### THE RECORDS

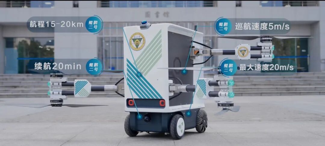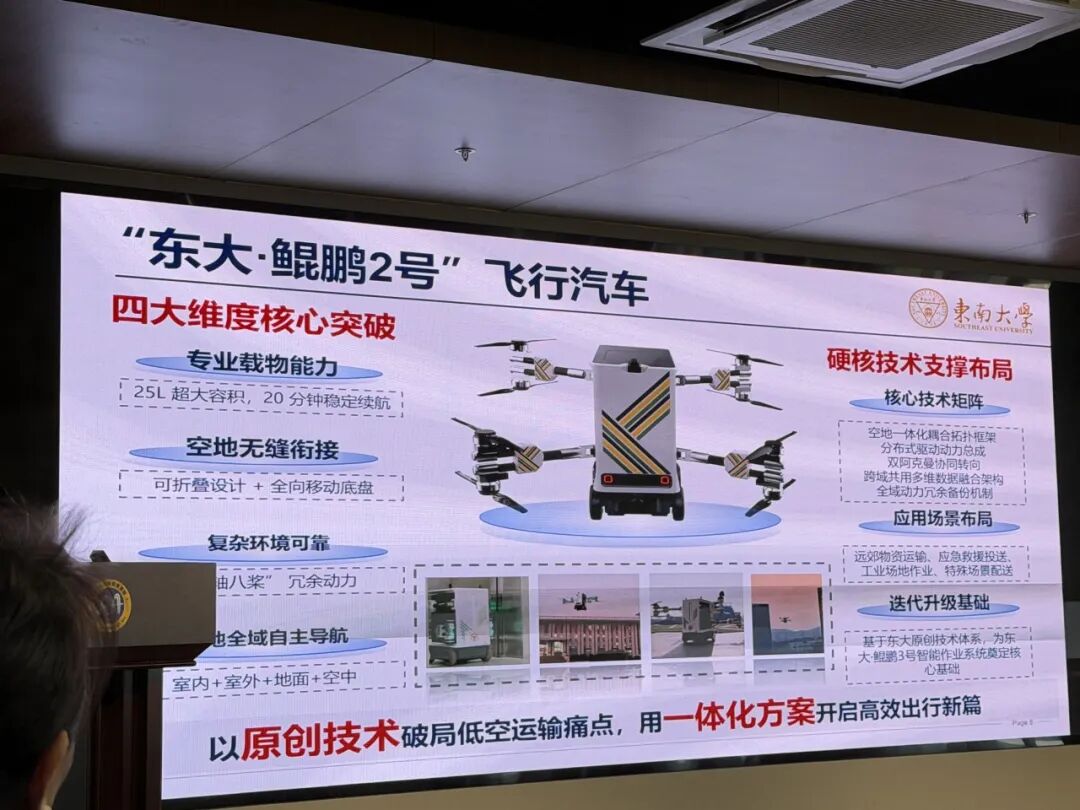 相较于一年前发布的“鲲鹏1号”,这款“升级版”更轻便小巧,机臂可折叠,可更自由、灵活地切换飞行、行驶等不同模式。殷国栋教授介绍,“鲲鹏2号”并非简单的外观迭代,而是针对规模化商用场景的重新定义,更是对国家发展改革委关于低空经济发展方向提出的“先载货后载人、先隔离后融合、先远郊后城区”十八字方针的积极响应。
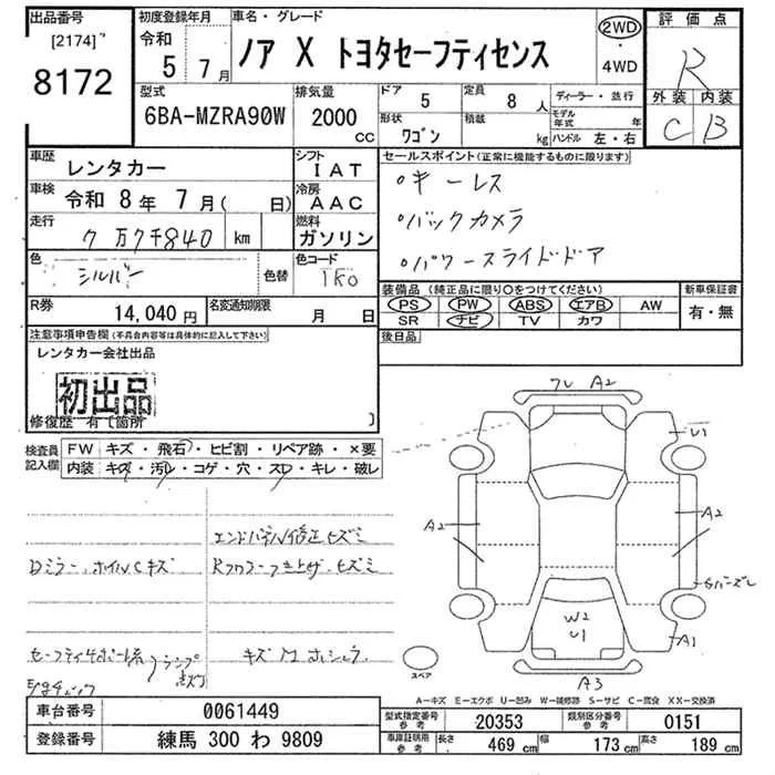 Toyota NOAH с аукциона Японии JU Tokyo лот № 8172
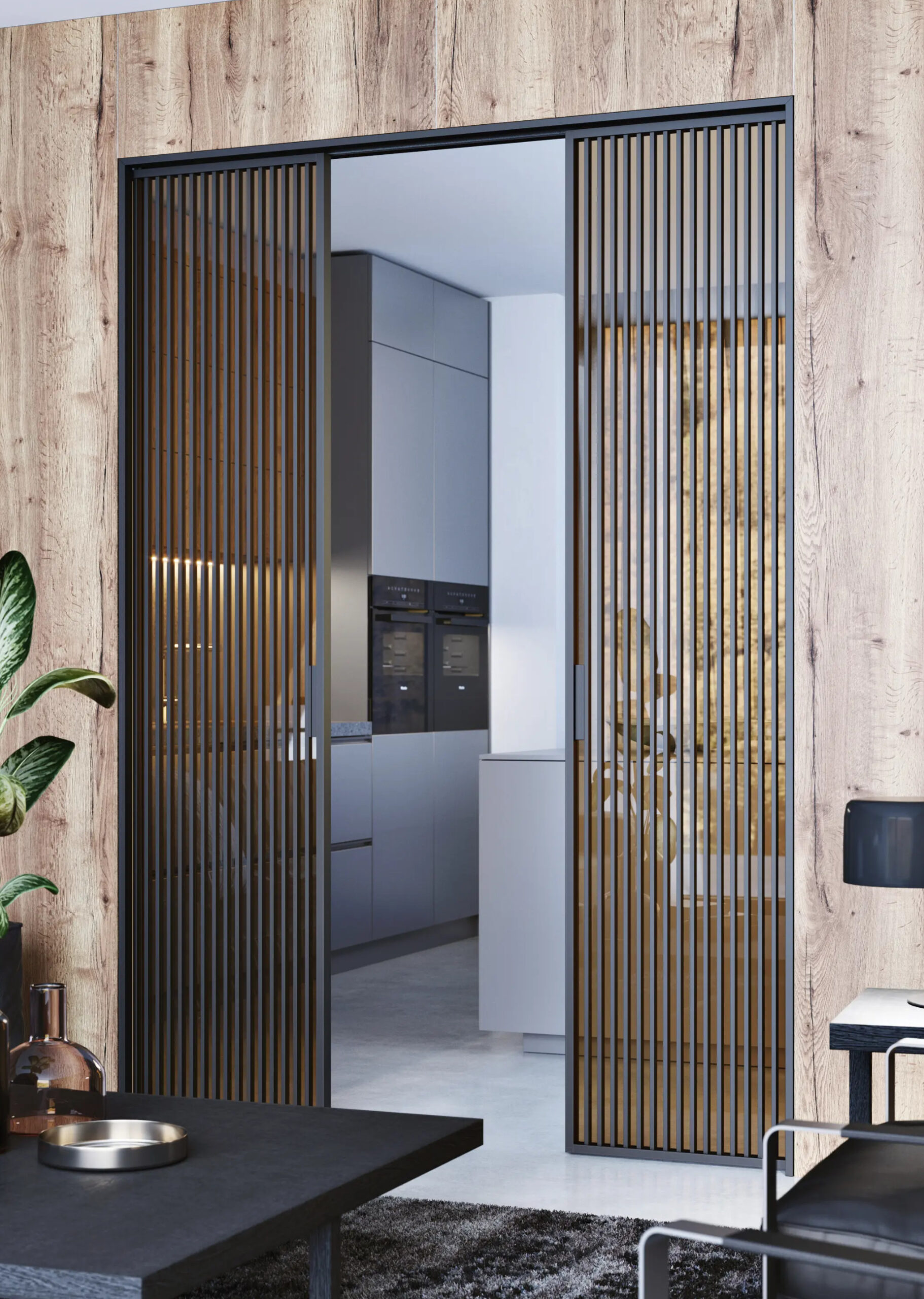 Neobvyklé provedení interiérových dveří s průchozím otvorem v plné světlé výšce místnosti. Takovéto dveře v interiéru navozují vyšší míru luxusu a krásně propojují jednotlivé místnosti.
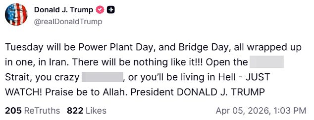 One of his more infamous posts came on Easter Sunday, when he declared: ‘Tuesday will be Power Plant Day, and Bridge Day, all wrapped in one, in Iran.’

==

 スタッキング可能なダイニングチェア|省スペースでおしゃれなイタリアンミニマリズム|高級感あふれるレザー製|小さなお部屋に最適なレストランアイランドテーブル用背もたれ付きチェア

### THE PROBLEM
When you reach the line with "Toyota NOAH с" in the records above, start writing out each line exactly, and stop after the line with "One of his more". Pictures stay out.

### SOLVED EXERCISE
 Toyota NOAH с аукциона Японии JU Tokyo лот № 8172
 Neobvyklé provedení interiérových dveří s průchozím otvorem v plné světlé výšce místnosti. Takovéto dveře v interiéru navozují vyšší míru luxusu a krásně propojují jednotlivé místnosti.
 One of his more infamous posts came on Easter Sunday, when he declared: ‘Tuesday will be Power Plant Day, and Bridge Day, all wrapped in one, in Iran.’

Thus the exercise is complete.